Встал перед тем на колени. Его голос дрожал, а говорил с надрывом. Извор пытался достучаться до брата, закрывшему клеть своего сердца. Он приник к тому так близко насколько было это возможно. Взгляд Извора был взволнованным, а глаза перескакивали с одного мирославового глаза на другой.
— Мир, посмотри на меня. Ну посмотри же! Помнишь? Помнишь, я говорил тебе, что никогда не предам? Помнишь? Мир! Мир!
— Никогда не предашь, говоришь? — едко спросил Военег, спускаясь в подклеть. — А мне обратное сказывал?
— Отец? — Извор поднялся, пытаясь выглядеть как можно более непоколебимым.
Военег ступил на глиняный пол и медленно подошёл к братьям. С надмением оглядел обоих и с не меньшим презрением прошипел сыну:
— Или уже забыл, как клялся мне, что послушным будешь? А? Ну коли так, я и о своём обещании тоже забуду.
Не оборачиваясь выставил в сторону руку ладонью вверх, на которую Гостомысл положил что-то. Глаза Мира вспыхнули, когда в серости подклети разглядел маленький ножичек с серебряной рукоятью и алой россыпью рубинов по ней. Мирослав узнав ножичек Сороки, еле слышно проговорил:
— Откуда это у тебя?
— У Извора одолжил, — будто между прочим буркнул Военег. — А что он тебе не сказал? Она мной ему обещана была за верность. Только смотрю, что сын мой не особо желает свою клятву выполнять — вот думаю наведаться в избушку охотничью.
Извор испариной покрылся, липкий страх под рубахами хребет холодит. Сглотнул судорожно. Вчера после бани ножичек найти не мог, думал что обронил где. Вон оно значит как, по отцовской указке досмотрел вещи его кто верно. А Военег в руках ножичек крутит, остриём из под ногтей грязь убирает.
— А сказал мне, что убежала, — Военег у сына небрежно испрашивает.
Извор и сказать против ничего не смеет — недавно двух охотников неподалёку от избушки видел — верно они и донесли.
— Или ты удумал за моей спиной свои дела проворачивать?
— Что ты с ней сделал? — яриться Мир начал.
— Я? Ничего, — равнодушно пожал плечами наместник. — А вот Извор верно тешится. Кричит больно громко только — не хуже тебя.

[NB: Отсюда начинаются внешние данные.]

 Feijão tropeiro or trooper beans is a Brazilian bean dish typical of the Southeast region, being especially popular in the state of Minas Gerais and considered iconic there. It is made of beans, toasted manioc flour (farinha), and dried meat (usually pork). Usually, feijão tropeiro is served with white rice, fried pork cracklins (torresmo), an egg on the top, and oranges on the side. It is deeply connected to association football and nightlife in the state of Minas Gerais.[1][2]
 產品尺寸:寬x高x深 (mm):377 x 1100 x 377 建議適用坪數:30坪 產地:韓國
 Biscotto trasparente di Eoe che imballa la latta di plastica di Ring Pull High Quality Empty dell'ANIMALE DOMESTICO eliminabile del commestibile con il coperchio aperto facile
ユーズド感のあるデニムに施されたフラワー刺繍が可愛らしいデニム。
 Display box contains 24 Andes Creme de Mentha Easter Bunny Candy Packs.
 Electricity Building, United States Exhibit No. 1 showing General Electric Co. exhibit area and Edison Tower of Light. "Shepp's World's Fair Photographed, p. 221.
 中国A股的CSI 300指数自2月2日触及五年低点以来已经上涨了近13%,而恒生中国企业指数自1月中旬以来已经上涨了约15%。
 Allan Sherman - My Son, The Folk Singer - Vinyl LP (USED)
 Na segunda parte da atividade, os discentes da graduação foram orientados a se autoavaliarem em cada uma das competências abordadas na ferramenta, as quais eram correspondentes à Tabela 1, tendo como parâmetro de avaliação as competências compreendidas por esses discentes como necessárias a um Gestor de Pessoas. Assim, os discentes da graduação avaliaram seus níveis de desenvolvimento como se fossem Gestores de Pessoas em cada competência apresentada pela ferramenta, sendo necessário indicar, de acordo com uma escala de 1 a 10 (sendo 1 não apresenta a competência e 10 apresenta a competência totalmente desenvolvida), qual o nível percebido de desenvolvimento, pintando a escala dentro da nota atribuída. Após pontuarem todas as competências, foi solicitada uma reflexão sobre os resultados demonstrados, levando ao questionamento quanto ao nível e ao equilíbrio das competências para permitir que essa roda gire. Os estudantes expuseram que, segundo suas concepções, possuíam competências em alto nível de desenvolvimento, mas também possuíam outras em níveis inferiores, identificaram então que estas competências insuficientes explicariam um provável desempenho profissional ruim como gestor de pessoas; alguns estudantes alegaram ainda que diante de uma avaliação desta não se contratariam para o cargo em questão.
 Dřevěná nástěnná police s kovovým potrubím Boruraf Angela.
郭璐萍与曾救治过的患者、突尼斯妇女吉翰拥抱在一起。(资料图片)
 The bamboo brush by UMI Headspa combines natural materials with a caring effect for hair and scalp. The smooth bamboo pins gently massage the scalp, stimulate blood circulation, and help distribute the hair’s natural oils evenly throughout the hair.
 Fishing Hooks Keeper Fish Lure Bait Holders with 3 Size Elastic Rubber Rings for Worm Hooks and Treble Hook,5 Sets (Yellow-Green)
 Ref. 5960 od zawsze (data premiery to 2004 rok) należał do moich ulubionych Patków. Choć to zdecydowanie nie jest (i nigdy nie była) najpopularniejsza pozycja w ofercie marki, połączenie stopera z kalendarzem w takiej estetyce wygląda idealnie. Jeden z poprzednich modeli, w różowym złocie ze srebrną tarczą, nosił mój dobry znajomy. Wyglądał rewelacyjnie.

Гневом глаза булатные налились. Не могли Мира удержать теперь даже тенёта. С рыканьем подобным зверю дикому на ноги встать стремиться, да нет возможности — дружинники подлетели, того унимают своими способами.
— Стерва, — сквозь удары полновесные Мирослав буйствует пуще прежнего.
— Отец, прошу не тронь Мира, — Извора опять предательским трепетом, что паутиной опутало, но брату не желает этой участи.
— Так определись-то — кого мне не трогать? — стоит, с сыном взглядами мериться, а всё же военегов более тяжким оказался — нет у Извора силы снести его. — Вон пошёл! — Военег широкой лапой оттолкнул сына, загораживающего собой заключённого.
Разрывает Извора на части. Брату ничем не помочь ему. Со двора на Буяне галопом в лес. В висках кровь стучит. К избушке подойти не смеет. Заперта — снаружи тяжёлая завора её держит. С коня на ходу слетев, к двери ухом льнёт. Да тут же от двери разом и принял, когда девица с другой стороны, по буйному своему нраву, кулаками затарабанила. А Извор и рад её злословию — не тронул её отец, пугает только.
Постоял возле двери, пока не стихла девица. Заходить не стал сразу. Исперва предупредительно той в щель дверную проговорил:
— Коли так меня встречать каждый раз будешь, опять завяжу тебя! — завору с двери отволок. С трепетом через порог ногу занеся.
А та стоит напротив. Пыхает жаром, грудь полная вздымается, волосы неприглядно растрёпаны. А всё одно желанием обладать ею Извора наполняет. Только обещался ей до венчания не трогать — держится, свою похоть унимая.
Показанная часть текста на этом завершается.